Atualmente muito se fala sobre a inflação estar descontrolada, mas é importante saber as principais diferenças entre o IGP-M e IPCA ,além dos fatores que impactam cada um.

Nos próximos parágrafos, você irá conferir as características dos dois índices, ter uma compreensão melhor sobre o assunto e descobrir o impacto de ambos no seu bolso.

Não deixe de utilizar os simuladores gratuitos da Somas que se enquadram no assunto tratado: a calculadora do IGP-M e a do IPCA.

Suas informações estão seguras com a Somas.


IPCA


O IPCA, considerado a inflação oficial do país, é monitorado pelo Banco Central para definir a taxa básica de juros da economia, a Selic. É calculado pelo Instituto Brasileiro de Geografia Estatística (IBGE), e tem o objetivo de medir a variação dos preços de forma geral para as famílias com rendimentos de 1 a 40 salários-mínimos, qualquer que seja a fonte, residentes em diferentes áreas urbanas.

As cestas dos produtos e serviços que são pesquisados mensalmente para compor o IPC-A têm como componentes itens de diversas naturezas. Além do nosso velho conhecido arroz e feijão, fazem parte também aparelhos eletrônicos, transporte público, atividades de lazer, aparelhos eletrônicos e muitos outros. Cada item listado na cesta do IPC-A, possui um peso específico baseado na média do consumo da população. Logo, esses itens acima possuem um peso maior se comparado a comunicação ou vestuário.

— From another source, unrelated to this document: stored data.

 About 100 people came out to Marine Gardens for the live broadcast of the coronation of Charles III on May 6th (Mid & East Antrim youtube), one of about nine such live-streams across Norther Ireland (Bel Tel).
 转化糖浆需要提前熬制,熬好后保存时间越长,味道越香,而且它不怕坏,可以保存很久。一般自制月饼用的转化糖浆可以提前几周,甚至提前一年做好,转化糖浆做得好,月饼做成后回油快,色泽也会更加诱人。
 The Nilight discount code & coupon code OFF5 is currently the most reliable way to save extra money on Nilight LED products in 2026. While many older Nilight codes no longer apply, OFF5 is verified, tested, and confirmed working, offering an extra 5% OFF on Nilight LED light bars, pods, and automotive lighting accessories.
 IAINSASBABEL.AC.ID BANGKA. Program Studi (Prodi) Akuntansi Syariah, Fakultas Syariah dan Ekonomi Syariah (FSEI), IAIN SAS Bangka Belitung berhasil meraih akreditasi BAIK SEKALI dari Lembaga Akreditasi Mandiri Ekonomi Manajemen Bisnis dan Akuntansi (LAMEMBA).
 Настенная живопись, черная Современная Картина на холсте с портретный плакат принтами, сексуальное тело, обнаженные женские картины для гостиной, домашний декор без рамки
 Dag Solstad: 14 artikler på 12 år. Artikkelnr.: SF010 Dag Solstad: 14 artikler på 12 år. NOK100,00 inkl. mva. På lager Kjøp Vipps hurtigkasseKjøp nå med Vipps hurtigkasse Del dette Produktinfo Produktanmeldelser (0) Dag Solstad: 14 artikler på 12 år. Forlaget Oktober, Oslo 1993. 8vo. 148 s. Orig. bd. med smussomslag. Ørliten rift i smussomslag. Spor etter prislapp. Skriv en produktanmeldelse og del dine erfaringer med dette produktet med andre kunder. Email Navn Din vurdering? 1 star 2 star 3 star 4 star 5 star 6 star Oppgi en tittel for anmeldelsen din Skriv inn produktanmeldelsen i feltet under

O IPCA mensal é o principal indicador, porém outros índices também são considerados e divulgados mensalmente, gerando uma prévia do indicador mensal. O IPCA-15 segue uma metodologia igual ao IPCA mensal, com a diferença sendo o período de coleta, que vai do dia 16 do mês anterior ao dia 15 do mês seguinte.

Ele é crucial para aqueles que buscam fazer investimentos (veja o glossário de investimentos), já que pode ser usado com intuito de calcular o rendimento de certo ativo- você consegue descobrir o retorno que obterá a partir da nossa ferramenta gratuita.


IPCA - Composição

Agora entraremos em mais detalhes relacionados à composição do IPC-A. É essencial entender a cesta de produtos e serviços de forma mais detalhada para compreender os motivos pela disparada do IGP-M (falaremos mais adiante) e não do IPCA neste ano de 2021.

Para a definição da composição da cesta de produtos e serviços, o IBGE realiza a Pesquisa de Orçamentos Familiares (POF). Essa pesquisa procura medir os principais hábitos de consumo dessas famílias, criando um padrão para cada tipo de gasto no orçamento médio dos brasileiros.

A POF é atualizada pelo IBGE de forma recorrente. Assim como a economia muda, os hábitos de consumo dos brasileiros também mudam. Por exemplo, um brasileiro comum hoje possui um consumo bastante diferente se comparado ao de 15 ou 20 anos atrás. Essa atualização realizada pelo IBGE, garante uma confiança metodológica ao indicador.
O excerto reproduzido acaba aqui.